Cereal, yogurt, ice cream
The U.K. guidelines seek to cut sugar in such products as breakfast cereals, yogurts and ice creams.

LONDON — The government’s Public Health England (PHE) on March 30 published “Sugar Reduction: Achieving the 20%,” which sets voluntary technical guidelines to cut sugar in nine major food categories by 5% by August 2017 and by 20% by 2020 in an effort to reduce obesity in children up to 18 years of age.

Alison Tedstone, Public Health England
Alison Tedstone, Ph.D., PHE chief nutritionist

“If businesses achieve these guidelines, 200,000 tonnes of sugar could be removed from the U.K. market per year by 2020,” said Alison Tedstone, Ph.D., PHE chief nutritionist.

The nine categories include breakfast cereals, yogurts, biscuits, cakes, morning goods (such as croissants), puddings, ice creams (including lollies and sorbets), confectionery (chocolate and sweet) and sweet spreads (including sub-categories of chocolate spread, peanut butter, fruit spreads and dessert toppings and sauces).

All types of caloric sweeteners are included except naturally occurring milk sugars in yogurt and some sugars in plain whole dried fruit in breakfast cereals, the report said.
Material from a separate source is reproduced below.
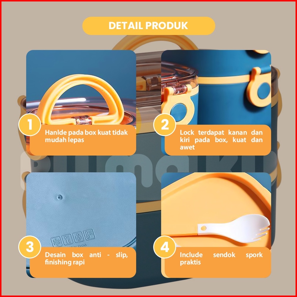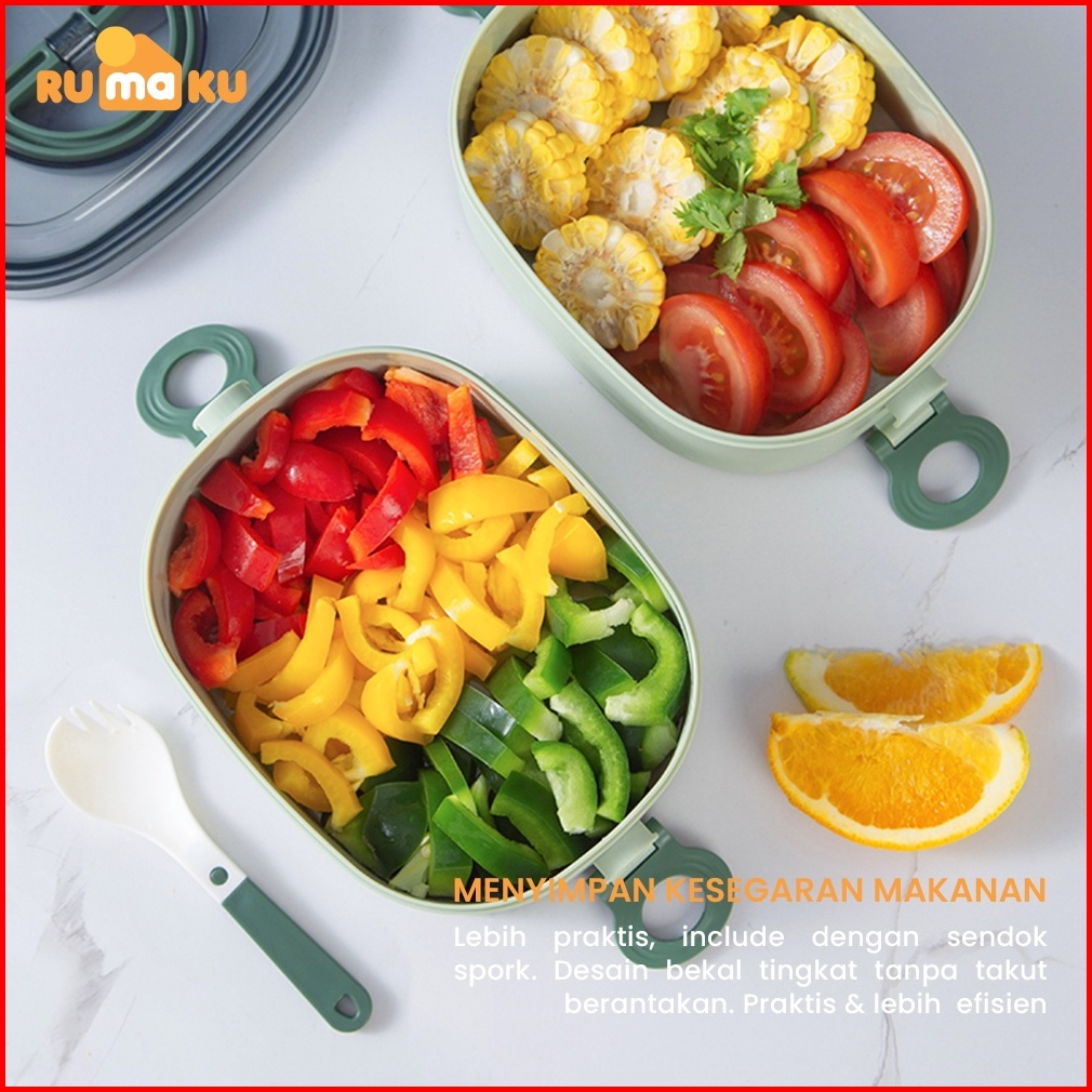 Rumaku Kotak Makan Bekal Tempat Makan Lunchbox 2 Layer Anti Tumpah 1400 Ml Kapasitas Besar Gratis Sendok Bpa Free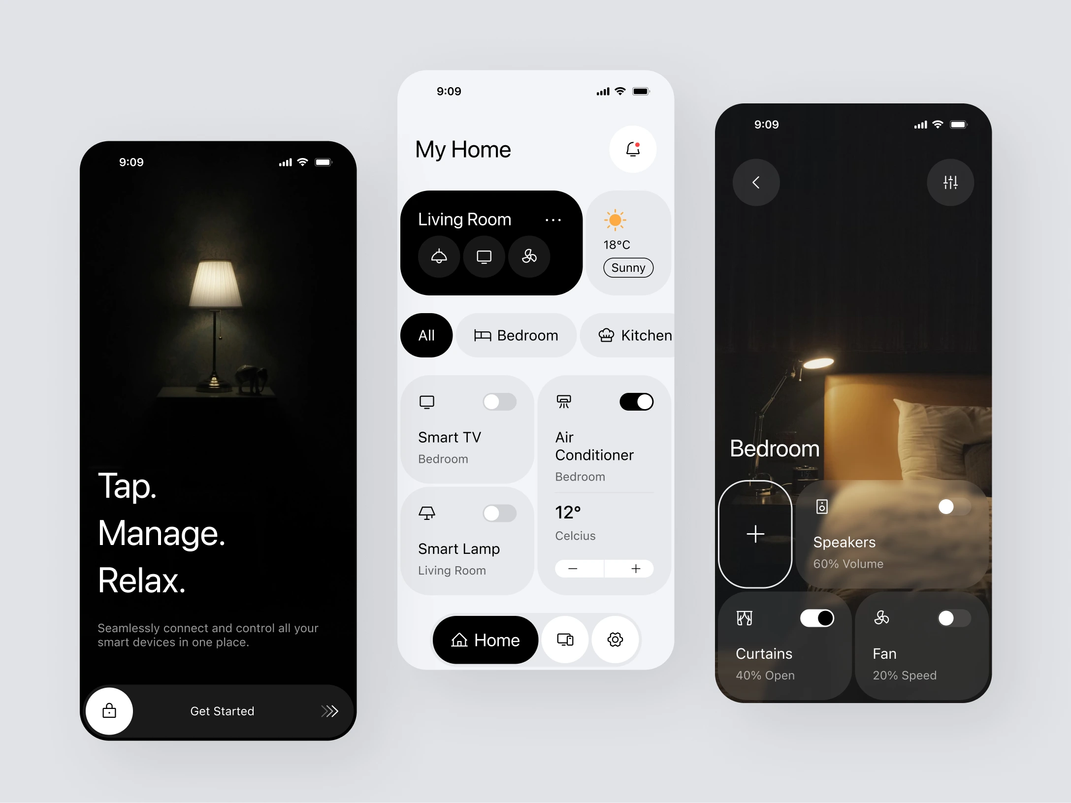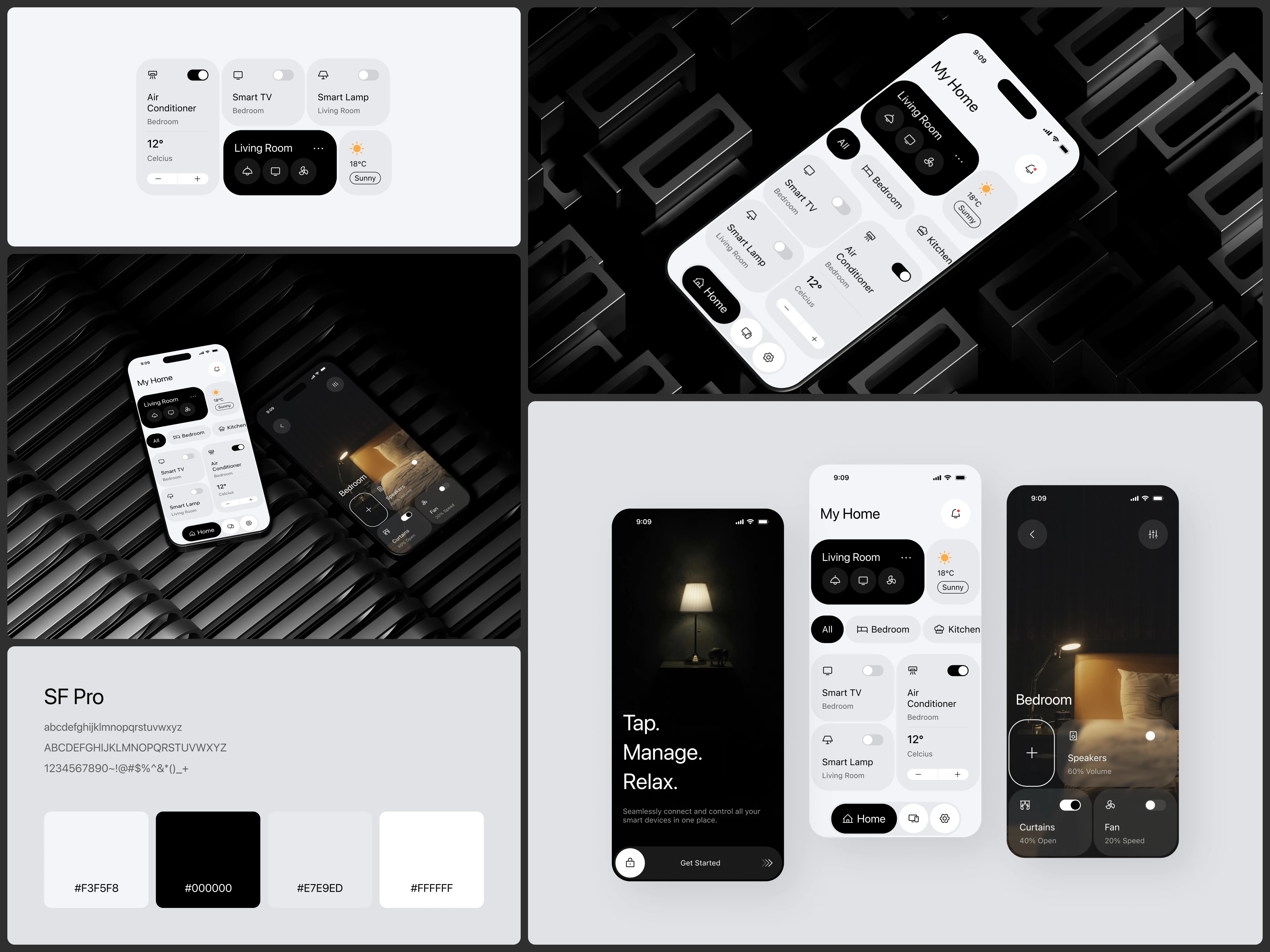 A sleek smart home app concept designed for effortless control of your living space. Manage lights, speakers, temperature, and more. All from one intuitive interface. Minimal design, smooth interactions, and a cozy atmosphere to make home automation feel personal.

Sugar-free sweets and chewing gum were excluded.

Beverages were not included as one of the food categories targeted by PHE to reduce sugar because the U.K. already has plans to implement a tax on sweetened beverages in April 2018.
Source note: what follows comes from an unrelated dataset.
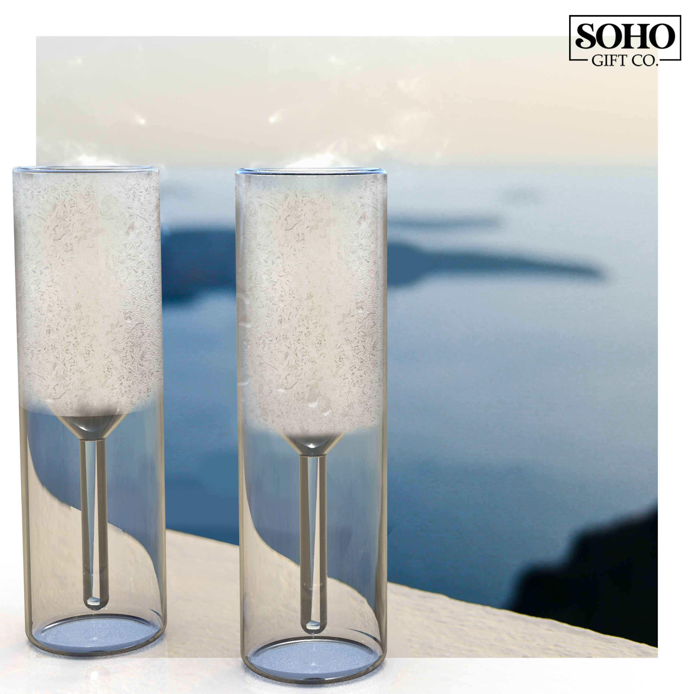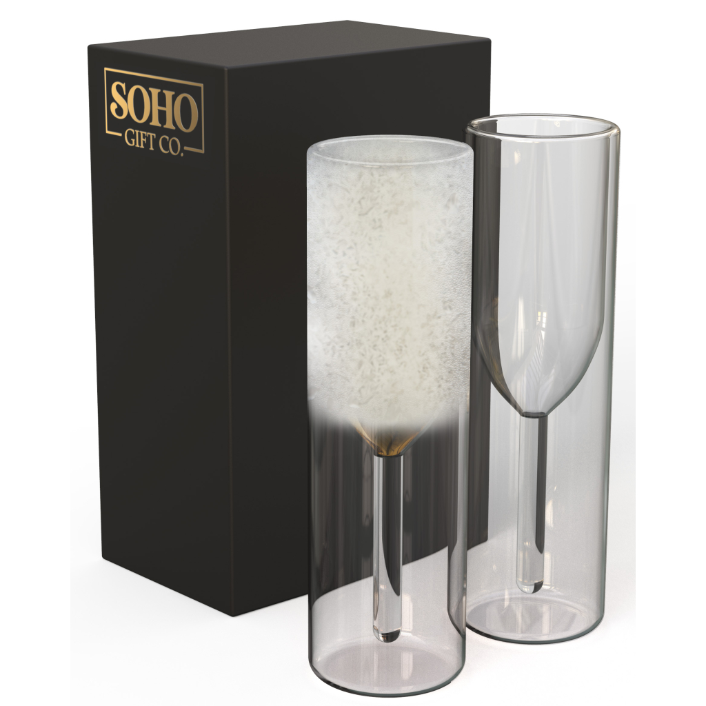 These double walled champagne glasses are made of ultra durable borosilicate glass with a 6.8-ounce capacity. (Dishwasher safe, not microwaveable)

Public Health Minister Nicola Blackwood
Public Health Minister Nicola Blackwood

“This government believes in taking a common-sense approach to improving public health and that includes changing the addictive relationship our children have with sugar,” said Public Health Minister Nicola Blackwood. “Many companies have already taken impressive steps to rise to this challenge but it’s important that everyone steps up. We should seize this unique opportunity to be global leaders in food innovation.”

The PHE guidelines are based on more than six months of meetings with the food industry and public health non-government organizations, including more than 40 meetings with food suppliers, manufacturers, retailers and the “eating out of the home sector” that included fast food, coffee shops, family restaurants, entertainment venues and pub chains.
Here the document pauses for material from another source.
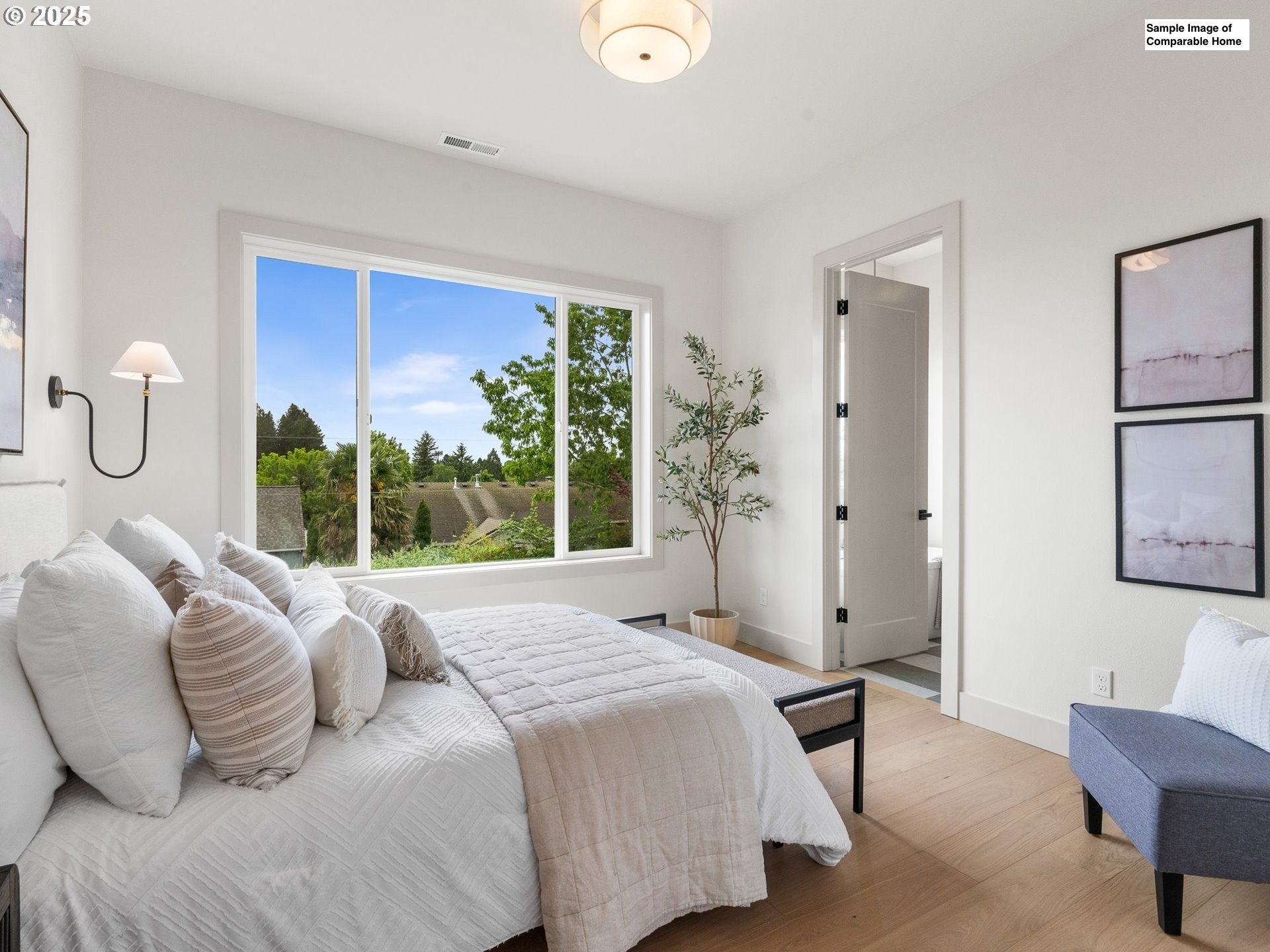 Welcome to this beautifully designed new construction home from a distinguished Street of Dreams builder in one of Gresham’s most desirable emerging neighborhoods. With 5 bedrooms and 3.5 bathrooms, this thoughtfully laid-out home offers modern style, flexible living, and quality finishes throughout. The light-filled main level features an open-concept floor plan with high ceilings, a spacious living area, and a stylish kitchen complete with stainless steel appliances, solid surface countertops, a large island, and sleek cabinetry. One of the bedrooms is ideal as a home office or flex space, perfect for today’s hybrid lifestyles. The primary suite is located on the main floor and includes a walk-in closet and private en-suite bath, creating a peaceful retreat. Step out onto the covered balcony and enjoy picturesque views of surrounding trees—ideal for morning coffee or evening unwinding. An attached 3-car garage offers easy access, day-to-day convenience, and plenty of extra storage for vehicles, tools, or recreational gear. Located just minutes from major conveniences, you’ll enjoy quick access to Gresham Station Shopping Center, featuring Best Buy, Old Navy, Ulta, and more. Dine at local favorites like Boccelli’s Ristorante, Asian Thai Bistro, or grab a sweet treat at Sugar Cubed Bakery. Start your day at nearby Black Rock Coffee Bar or Cafe Delirium, and explore green spaces like Nadaka Nature Park or Main City Park for weekend recreation. With brand-new systems, a builder warranty, and a move-in-ready finish, this home combines modern comfort, functionality, and a fantastic location. Images are sampled from another home built by the developer. Actual finishes, style and layout may differ.

The report said the food industry could take three approaches to reducing sugar: reformulate products to contain lower sugar levels; reduce portion sizes and/or the calories in single-serve products; or shift consumer purchasing toward lower or no added sugar products.

Duncan Selbie, Public Health England
Duncan Selbie, c.e.o. of PHE

“The scale of our ambition to reduce sugar is unrivaled anywhere in the world, which means the U.K. food industry has a unique opportunity to innovate and show the rest of the world how it can be done,” said Duncan Selbie, chief executive officer of PHE. “I believe reducing sugar in the nation’s diet will be good for health and ultimately good for U.K. food business.”

Sugar reduction is part of a wider PHE food reformulation program that includes salt reduction. PHE will begin work on calorie reduction in food categories not covered by the sugar reduction program later in 2017.